= WHAT THE EXERCISE ASKS =
Your answer must be an exact transcription of the data, with every picture omitted.

*** EXERCISE MATERIALS ***

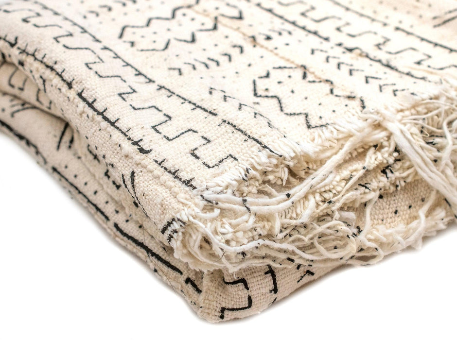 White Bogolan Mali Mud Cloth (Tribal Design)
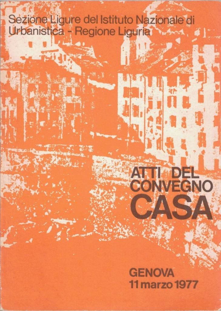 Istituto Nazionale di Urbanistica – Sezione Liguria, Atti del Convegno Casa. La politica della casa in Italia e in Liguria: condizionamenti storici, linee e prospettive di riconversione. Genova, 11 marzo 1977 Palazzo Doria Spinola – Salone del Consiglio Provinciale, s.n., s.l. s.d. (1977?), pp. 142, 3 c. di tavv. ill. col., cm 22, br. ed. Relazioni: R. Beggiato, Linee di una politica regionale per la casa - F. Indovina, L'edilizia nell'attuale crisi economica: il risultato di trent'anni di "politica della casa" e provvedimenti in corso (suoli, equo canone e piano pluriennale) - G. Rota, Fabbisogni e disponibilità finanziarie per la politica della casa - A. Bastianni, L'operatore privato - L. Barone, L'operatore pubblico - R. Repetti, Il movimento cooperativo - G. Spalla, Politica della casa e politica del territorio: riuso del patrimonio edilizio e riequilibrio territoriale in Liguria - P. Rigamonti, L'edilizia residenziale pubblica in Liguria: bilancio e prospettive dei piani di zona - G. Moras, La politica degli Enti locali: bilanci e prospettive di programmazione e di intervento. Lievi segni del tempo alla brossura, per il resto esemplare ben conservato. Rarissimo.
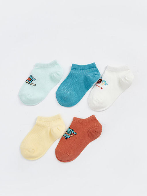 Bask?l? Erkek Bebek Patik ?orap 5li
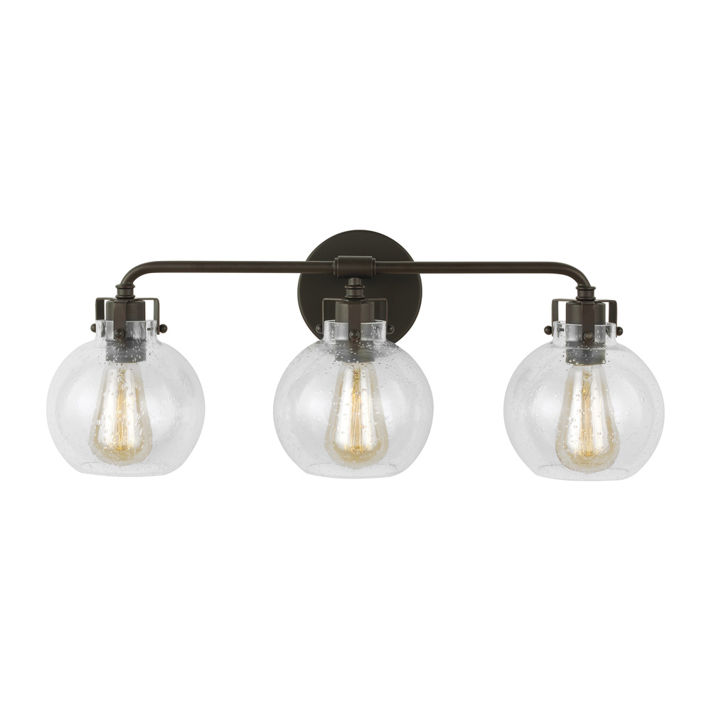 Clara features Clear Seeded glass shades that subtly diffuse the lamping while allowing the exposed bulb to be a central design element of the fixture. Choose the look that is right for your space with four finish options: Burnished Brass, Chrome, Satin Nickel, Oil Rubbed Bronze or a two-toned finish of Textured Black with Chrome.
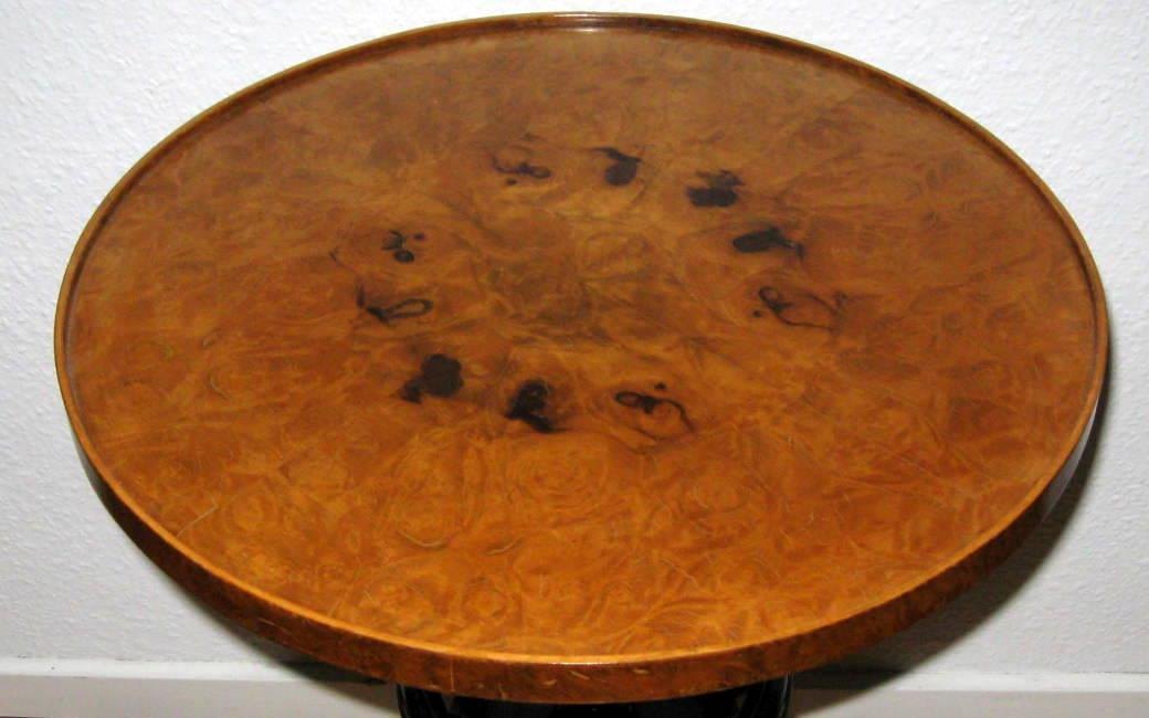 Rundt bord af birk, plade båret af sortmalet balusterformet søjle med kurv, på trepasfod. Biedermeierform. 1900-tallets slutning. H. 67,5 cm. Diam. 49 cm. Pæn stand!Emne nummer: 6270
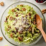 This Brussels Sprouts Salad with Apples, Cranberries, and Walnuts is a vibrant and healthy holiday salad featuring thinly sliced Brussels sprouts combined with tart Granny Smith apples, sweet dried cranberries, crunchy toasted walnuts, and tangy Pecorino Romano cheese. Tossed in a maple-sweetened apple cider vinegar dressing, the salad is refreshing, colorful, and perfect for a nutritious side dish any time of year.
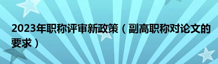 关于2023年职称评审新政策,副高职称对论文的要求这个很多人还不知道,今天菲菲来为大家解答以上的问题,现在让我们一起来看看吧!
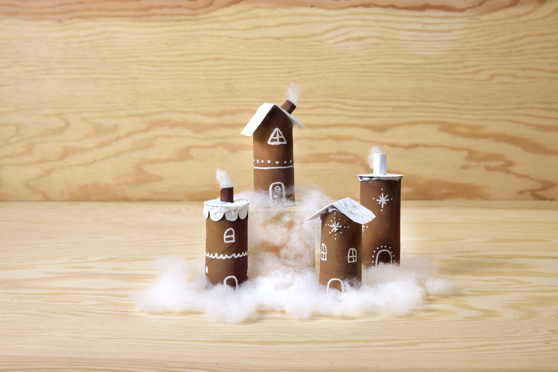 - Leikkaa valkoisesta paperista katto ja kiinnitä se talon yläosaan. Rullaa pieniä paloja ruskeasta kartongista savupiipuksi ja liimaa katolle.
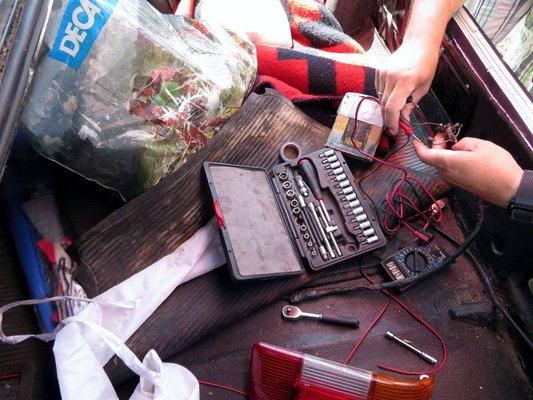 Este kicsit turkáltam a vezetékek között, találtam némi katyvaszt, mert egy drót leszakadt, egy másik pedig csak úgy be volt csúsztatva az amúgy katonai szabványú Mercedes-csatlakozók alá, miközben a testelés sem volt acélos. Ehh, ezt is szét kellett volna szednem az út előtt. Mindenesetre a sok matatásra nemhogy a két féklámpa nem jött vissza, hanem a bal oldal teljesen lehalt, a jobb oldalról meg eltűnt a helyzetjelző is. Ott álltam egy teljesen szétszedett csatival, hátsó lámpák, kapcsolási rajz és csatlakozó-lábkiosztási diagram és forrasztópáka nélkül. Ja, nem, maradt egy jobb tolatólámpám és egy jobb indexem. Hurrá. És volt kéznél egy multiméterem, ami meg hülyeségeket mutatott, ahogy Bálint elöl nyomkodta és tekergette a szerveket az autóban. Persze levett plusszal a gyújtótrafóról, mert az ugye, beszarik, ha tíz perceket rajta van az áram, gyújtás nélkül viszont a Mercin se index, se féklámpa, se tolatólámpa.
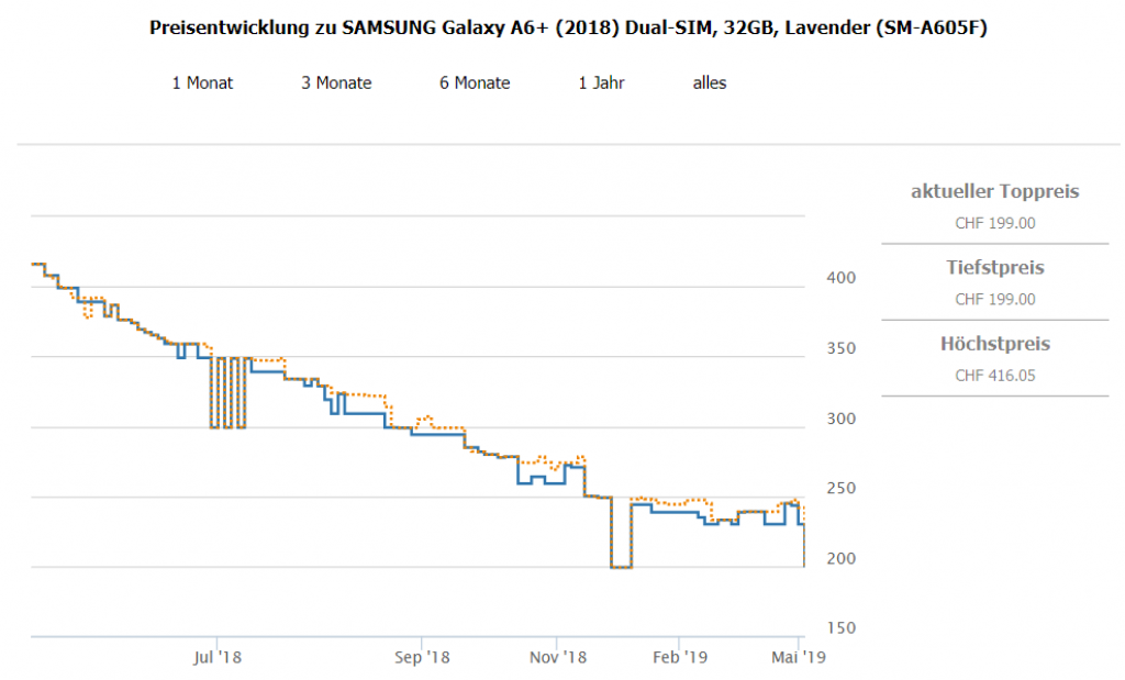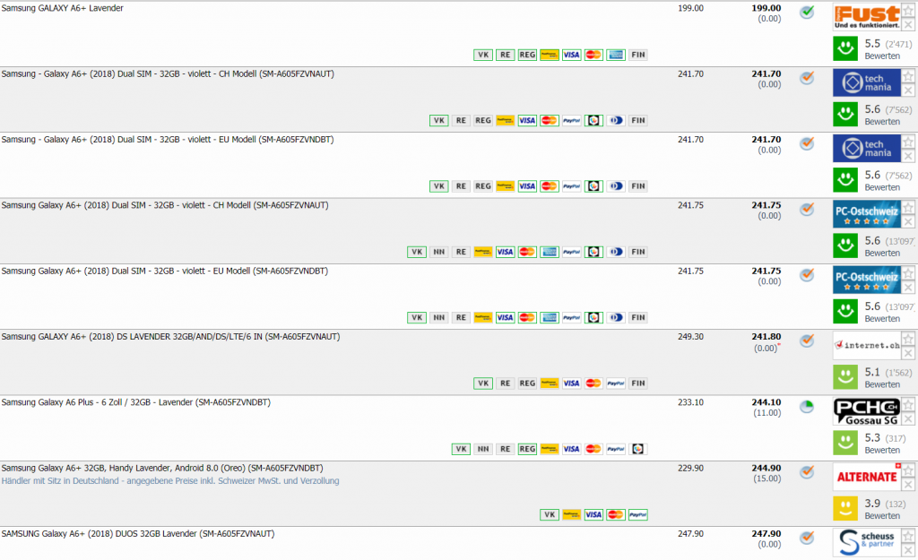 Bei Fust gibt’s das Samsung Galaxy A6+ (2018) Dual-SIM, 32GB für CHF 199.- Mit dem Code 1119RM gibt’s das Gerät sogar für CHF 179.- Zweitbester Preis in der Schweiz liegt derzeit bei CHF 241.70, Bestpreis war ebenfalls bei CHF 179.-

*** End of EXERCISE MATERIALS ***

= FINISHED TASK =
 White Bogolan Mali Mud Cloth (Tribal Design)
 Istituto Nazionale di Urbanistica – Sezione Liguria, Atti del Convegno Casa. La politica della casa in Italia e in Liguria: condizionamenti storici, linee e prospettive di riconversione. Genova, 11 marzo 1977 Palazzo Doria Spinola – Salone del Consiglio Provinciale, s.n., s.l. s.d. (1977?), pp. 142, 3 c. di tavv. ill. col., cm 22, br. ed. Relazioni: R. Beggiato, Linee di una politica regionale per la casa - F. Indovina, L'edilizia nell'attuale crisi economica: il risultato di trent'anni di "politica della casa" e provvedimenti in corso (suoli, equo canone e piano pluriennale) - G. Rota, Fabbisogni e disponibilità finanziarie per la politica della casa - A. Bastianni, L'operatore privato - L. Barone, L'operatore pubblico - R. Repetti, Il movimento cooperativo - G. Spalla, Politica della casa e politica del territorio: riuso del patrimonio edilizio e riequilibrio territoriale in Liguria - P. Rigamonti, L'edilizia residenziale pubblica in Liguria: bilancio e prospettive dei piani di zona - G. Moras, La politica degli Enti locali: bilanci e prospettive di programmazione e di intervento. Lievi segni del tempo alla brossura, per il resto esemplare ben conservato. Rarissimo.
 Bask?l? Erkek Bebek Patik ?orap 5li
 Clara features Clear Seeded glass shades that subtly diffuse the lamping while allowing the exposed bulb to be a central design element of the fixture. Choose the look that is right for your space with four finish options: Burnished Brass, Chrome, Satin Nickel, Oil Rubbed Bronze or a two-toned finish of Textured Black with Chrome.
 Rundt bord af birk, plade båret af sortmalet balusterformet søjle med kurv, på trepasfod. Biedermeierform. 1900-tallets slutning. H. 67,5 cm. Diam. 49 cm. Pæn stand!Emne nummer: 6270
 This Brussels Sprouts Salad with Apples, Cranberries, and Walnuts is a vibrant and healthy holiday salad featuring thinly sliced Brussels sprouts combined with tart Granny Smith apples, sweet dried cranberries, crunchy toasted walnuts, and tangy Pecorino Romano cheese. Tossed in a maple-sweetened apple cider vinegar dressing, the salad is refreshing, colorful, and perfect for a nutritious side dish any time of year.
 关于2023年职称评审新政策,副高职称对论文的要求这个很多人还不知道,今天菲菲来为大家解答以上的问题,现在让我们一起来看看吧!
 - Leikkaa valkoisesta paperista katto ja kiinnitä se talon yläosaan. Rullaa pieniä paloja ruskeasta kartongista savupiipuksi ja liimaa katolle.
 Este kicsit turkáltam a vezetékek között, találtam némi katyvaszt, mert egy drót leszakadt, egy másik pedig csak úgy be volt csúsztatva az amúgy katonai szabványú Mercedes-csatlakozók alá, miközben a testelés sem volt acélos. Ehh, ezt is szét kellett volna szednem az út előtt. Mindenesetre a sok matatásra nemhogy a két féklámpa nem jött vissza, hanem a bal oldal teljesen lehalt, a jobb oldalról meg eltűnt a helyzetjelző is. Ott álltam egy teljesen szétszedett csatival, hátsó lámpák, kapcsolási rajz és csatlakozó-lábkiosztási diagram és forrasztópáka nélkül. Ja, nem, maradt egy jobb tolatólámpám és egy jobb indexem. Hurrá. És volt kéznél egy multiméterem, ami meg hülyeségeket mutatott, ahogy Bálint elöl nyomkodta és tekergette a szerveket az autóban. Persze levett plusszal a gyújtótrafóról, mert az ugye, beszarik, ha tíz perceket rajta van az áram, gyújtás nélkül viszont a Mercin se index, se féklámpa, se tolatólámpa.
 Bei Fust gibt’s das Samsung Galaxy A6+ (2018) Dual-SIM, 32GB für CHF 199.- Mit dem Code 1119RM gibt’s das Gerät sogar für CHF 179.- Zweitbester Preis in der Schweiz liegt derzeit bei CHF 241.70, Bestpreis war ebenfalls bei CHF 179.-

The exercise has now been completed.